On Wednesday morning, at its
annual investment conference in Chicago, Morningstar rolled out the Active/Passive Barometer, a tool that compares the performance of actively managed mutual funds to that of a collection of comparable passive funds.
It is a subtle but significant distinction between the more common practice of comparing active funds' performance to that of a popular benchmark, such as the S&P 500 Index.
“Our approach is squarely focused on the performance of actual investible options,” said Ben Johnson, Morningstar's director of ETF research.
For example, instead of simply comparing the performance of a large-cap fund to the S&P 500, which gained 13.7% last year, Mr. Johnson is amalgamating the performance of 126 separate passive funds that offer actual large-cap exposure and charge fees.
In that case, the amalgamated performance net of fees last year was 13.07%, which compares to 10.8% for the large-cap blend mutual fund category.
The report, which Mr. Johnson said will become a semiannual project, generally gives the edge to passive mutual funds and exchange-traded funds, largely due to the higher fees charged by active funds.
Among the findings, actively managed funds underperformed their passive counterparts across nearly all asset classes, especially in the most recent 10-year period, and experienced higher mortality rates of funds merging or closing altogether.
Low-cost active funds were more likely to survive and outperform higher-cost active funds over the long term.
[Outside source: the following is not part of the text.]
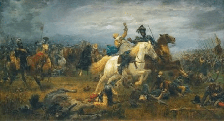 古斯塔夫二世戰死的畫像。勇猛的古斯塔夫二世頗有古代名將的風範,經常率領騎兵親上前線衝鋒作戰,身中多次槍傷。頸部舊傷導致他無法穿上當時仍有一定抗彈能力的板金胸甲,只能身著牛皮輕甲,這也是他最後亡於流彈的原因之一。

But low-cost active funds still had lower average annualized returns compared with the average passive fund in nine of the 12 Morningstar categories studied in the report.
Over the most recent three- and five-year periods, 72.9% and 69.7% of active intermediate-term bond funds, respectively, beat their average passive peer.
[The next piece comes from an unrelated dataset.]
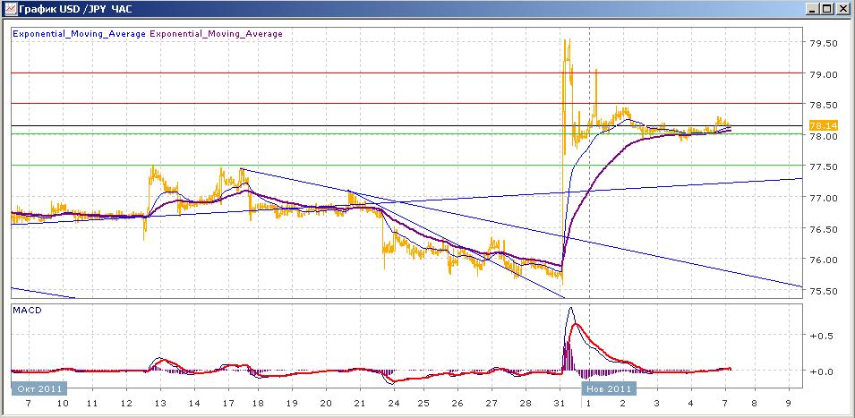 после рывка, вызванного интервенцией, пара успокоилась и с середины прошедшей недели торгуется в очень узком диапазоне над уровнем 78.00. попытки преодолеть его вниз были безуспешны, пара продолжала оставаться над этим уровнем. Сегодняшние торги также проходят весьма спокойно на уровне открытия. Средние скользящие ЕМА21 и ЕМА55 стабилизировались и не показывают сколь-либо значимого движения, индикаторы MACD и RSI после снижения в среду и четверг к пятнице снова вышли над своими центральными линиями и сегодня слабо растут. Цели вверх на сегодня — 78.50, 79.00. Цели вниз — 78.00, 77,50.

No active equity category notched a success rate higher than 50% over the same time periods.
The release of the Morningstar research, which it dubbed “a new yardstick for an old debate,” followed a panel discussion that included that long-running debate.
Panelists representing The Vanguard Group, American Funds and Dodge & Cox generally agreed that, despite the ongoing banter pitting active management against passive products, it is rarely an either-or scenario when it comes to building investment portfolios.
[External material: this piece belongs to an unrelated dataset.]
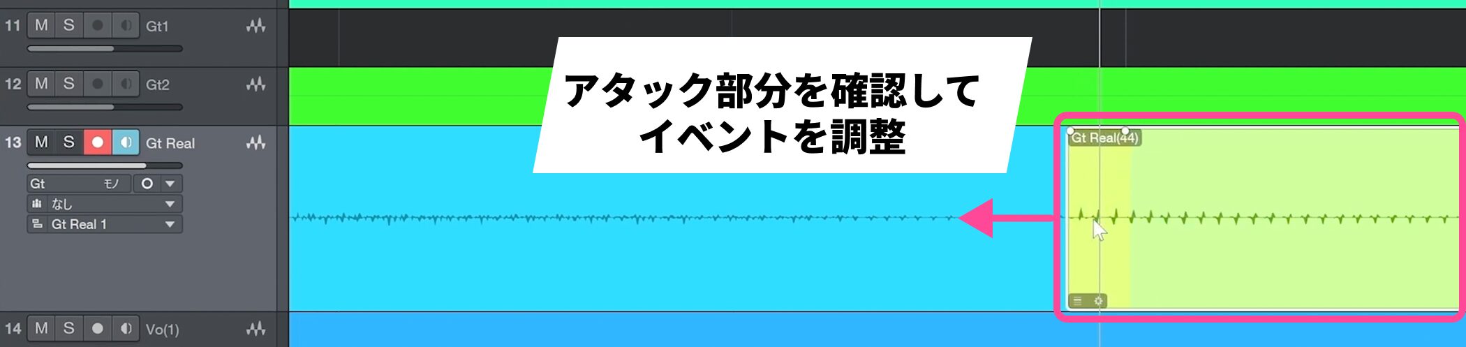 そのため、後ろのイベントを前に伸ばし、アタックがしっかり出るように調整します。

“The debate is really about how do we work with active and passive strategies,” said Rob Lovelace, president of Capital Research and Management Co.
“All studies show that active managers do particularly well in down markets,” he added. “If you use passive funds, you get 100% of the downside.”
Diana Standberg, senior vice president at Dodge & Cox, said part of the problem with active-versus-passive comparisons is that they often only focus on the most recent time periods, as opposed to looking back over the past few decades across various market cycles.
“When you're measuring performance in shorter increments, it significantly overstates volatility,” she said. “We know that when you move to longer increments, the beta drops in active strategies.”
Panelists agreed with Mr. Johnson of Morningstar, the moderator, that fees are the biggest drag on active management when comparing them to passive funds. Along those lines, fees are becoming more telling and relevant than what has traditionally been used to define and evaluate active and passive funds.
“A lot of the pressure comes through fees, but there are active funds that have low fees, better returns and lower risk than some passive funds,” said Mr. Lovelace.
He referenced conversations with managers of target-date funds that will include some passive funds to lower their products' overall fees, and in doing so end up hurting performance or adding risk.
When asked about selecting an active fund, Mr. Lovelace recommended paying attention to the track record, particularly during down-market periods, and to look for managers that invest in their own funds.
Joseph Davis, principal at Vanguard, cited the fast and ongoing evolution of smart-beta, non-capitalization-weighted or active index strategies as evidence that “the adoption of index-based products is probably only in the third inning.”
But even with the popularity of smart-beta strategies, Mr. Davis said, “It is way too premature to say that active management is in danger.”
Against the backdrop of a six-year bull market that has favored passive strategies, the tide has clearly shifted in favor of passive investing, which is a trend that Mr. Lovelace believes is a mistake.
“Active management has been pushed out to the edge of portfolios and passive has become the core, but active management has to come back to the core,” he said.
Ms. Strandberg agreed, saying, “In 10 years, I hope we're going to be looking back and saying active management has redeemed itself in investors' eyes.
"It could be the case that interest rates finally do rise, and we'll see some fertile hunting ground in alpha,” he said.